Closed xaki23 closed 2 years ago
This is quite interesting, thanks for reporting! Do you think it is possible to reproduce this while logging the packets before it happens? How long did it take until it happened?
@xaki23 thanks for your report. To investigate, packet captures would be of interest for us. Could you use the firewall branch git+https://github.com/roburio/qubes-mirage-firewall.git#more-debug-for-xaki which outputs a hexdump if the decoding fails.

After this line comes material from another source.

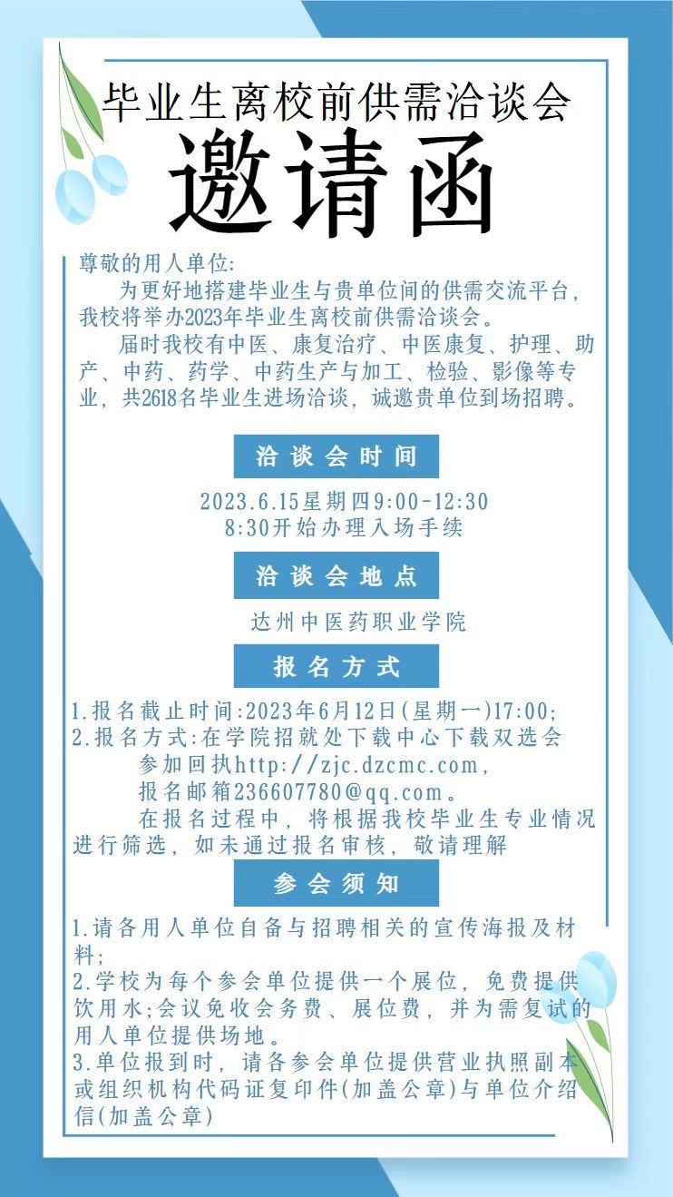 毕业生离校前供需洽谈会邀请函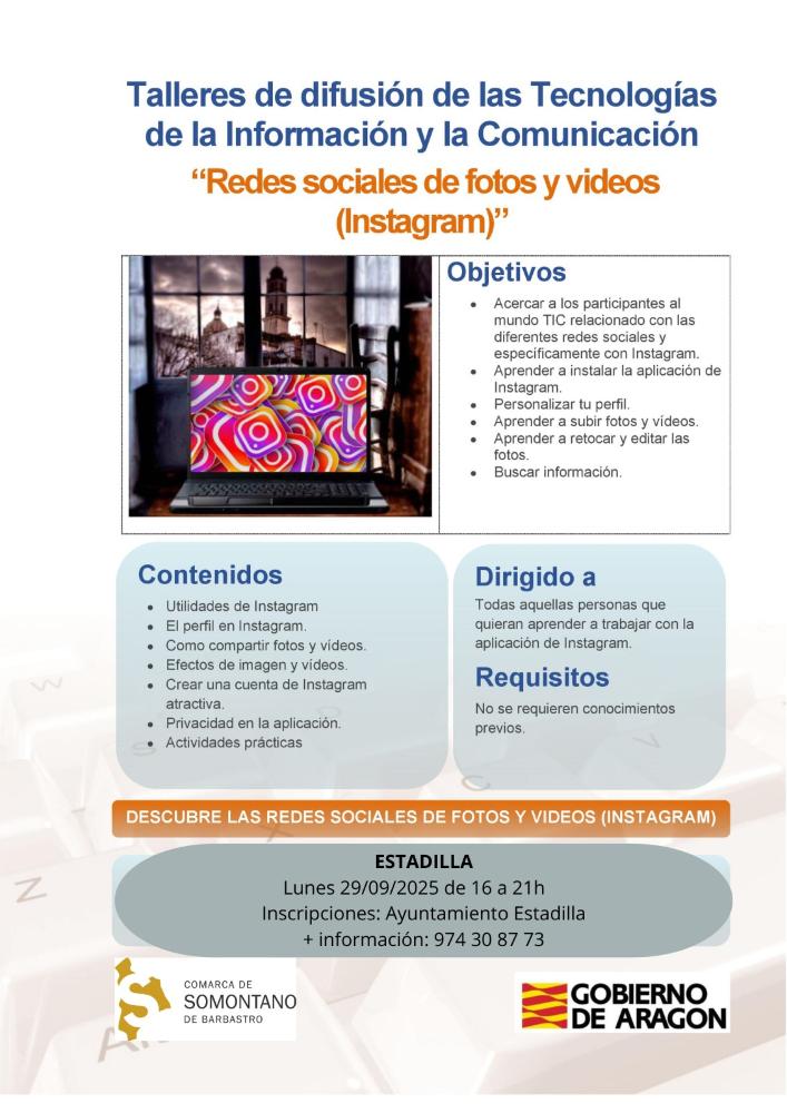 El próximo lunes 29 de septiembre, de 16:00 a 21:00 h, el Servicio de Juventud de la Comarca de Somontano organiza un taller de difusión de las TIC en Estadilla: “Redes sociales de fotos y vídeos (Instagram)”.

Thanks.
@linse it was running only for about 6-7 hours at the time that happened, there had been about 15 downstream vm starts during that time. unless i find a reliable way to repro this the approach of having the FW hexdump things seems better since i would have to log packets on "all" involved vms otherwise, which ... isnt easy.
@hannes build based on more-debug-for-xaki running in backup role now, will deploy in main tomorrow.
thanks to both of you!
just happened again, right after starting a downstream VM. difference to the first observed case was that this time it didnt keep running for long.
the packets are mostly null bytes, they seem to have reasonable sizes: guest-sys-mfwt.log
grepped out the "lines of just null bytes hexdump" from this one, which makes it easier to see the few-and-far-between non-null-bytes, there does not seem to be any useful information content in these: guest-sys-mfwt-nonullz.log
and i had another crash right after vm start, but that ... just stopped, with no useful information in the log at all.
Is this still an issue with more recent builds @xaki23?
not seen this recently, closing
i switched my main mfwt to a 20200520 build today (which has been running "ok afaict" in the backup role since then) and at some point after starting a new VM it went ... bad.
there was no traffic going through the mfw anymore, only this ethertype scrolling for minutes (until i pulled the plug). this applied to all VMs, even ones that were already running and working for the last hours. the reported ethertype is mostly 0x0, but lots of random-ish looking other values too.
there is nothing else i perceive as unusual in that log, the setup/role is working fine with a 20200509 build for days (up to the usual "63 downstream vms seen" crash, aka #35 )
perhaps this is another variant of #105 ?!